Speaker 130 may be configured to output an enhanced audio signal received from communication interface 102. Speaker 130 may connect to a speech recognition system as an audio input device. In some embodiments, speaker 130 may be a standalone audio display/output device or part of another device, such as a mobile phone, a wearable device, a headphone, a vehicle, a surveillance system, etc.

FIG. 2 illustrates a flowchart of an exemplary method 200 for reducing noise in an audio signal, according to embodiments of the disclosure. In some embodiments, method 200 may be implemented by an audio signal enhancement system that includes, among other things, server 120, acquisition device 110, and speaker 130. However, method 200 is not limited to that exemplary embodiment. Method 200 may include steps S202-S212 as described below. It is to be appreciated that some of the steps may be optional to perform the disclosure provided herein. Further, some of the steps may be performed simultaneously, or in a different order than shown in FIG. 2.

In step S202, a multi-channel audio signal is received from acquisition device 110. In some embodiments, acquisition device 110 may include at least two acquisition channels, or include at least two individual acquisition units, to acquire multi-channel audio signals, such as first-channel signal 103 and second-channel signal 105. For example, a speech may be acquired by acquisition device 110 in a noisy stadium environment through different microphones. In some embodiments, both channel signals 103 and 105 are mixtures of speech signals and environmental noise signals. The audio information acquired through multiple channels can be later utilized for a blind source separation. Acquisition device 110 sends a first-channel signal 103 and a second-channel signal 105 to communication interface 102.

In step S204, processor 104 uses a blind source separation method to separate the multi-channel audio signals acquired from audio source 101. In some embodiments, multi-channel NMF(MNMF) which is a natural extension of simple NMF method for multi-channel signals may be used to separate the multi-channel audio signals. By utilizing information between channels (e.g., the first-channel audio signal 103 and the second-channel audio signal 105), MNMF can cluster the decomposed bases into specific sources in the blind situation. As shown in the example of FIG. 1B, rank-1 MNMF may be used as a blind source separation method to obtain separated speech and interference channels. Rank-1MNMF separation can be implemented by signal separation unit 142 as shown in FIG. 1A. The first audio signal (e.g., the separated speech channel) has a higher speech signal ratio than the second audio signal (e.g., the separated interference channel). The second audio signal obtained from the signal separation may include few speech components or may not include any speech components.

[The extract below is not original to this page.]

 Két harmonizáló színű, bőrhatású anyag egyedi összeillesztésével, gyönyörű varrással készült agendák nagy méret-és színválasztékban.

Referring back to FIG. 2, in step S206, the first audio signal and the second audio signal are decomposed in a frequency domain. Processing details are shown in FIG. 3 from steps S302-S308. In step S302, the first audio signal can be Fourier transformed in the frequency domain. The transforming can be implemented in NMF decomposition unit 144 shown in FIG. 1A. In step S304, the second audio signal can be Fourier transformed in the frequency domain. In step S306, a first NMF basis matrix is extracted using NMF method based on the Fourier transformed first audio signal from step S302. Similarly, in step S308, a second NMF basis matrix is extracted using NMF method based on the Fourier transformed second audio signal generated from step S304.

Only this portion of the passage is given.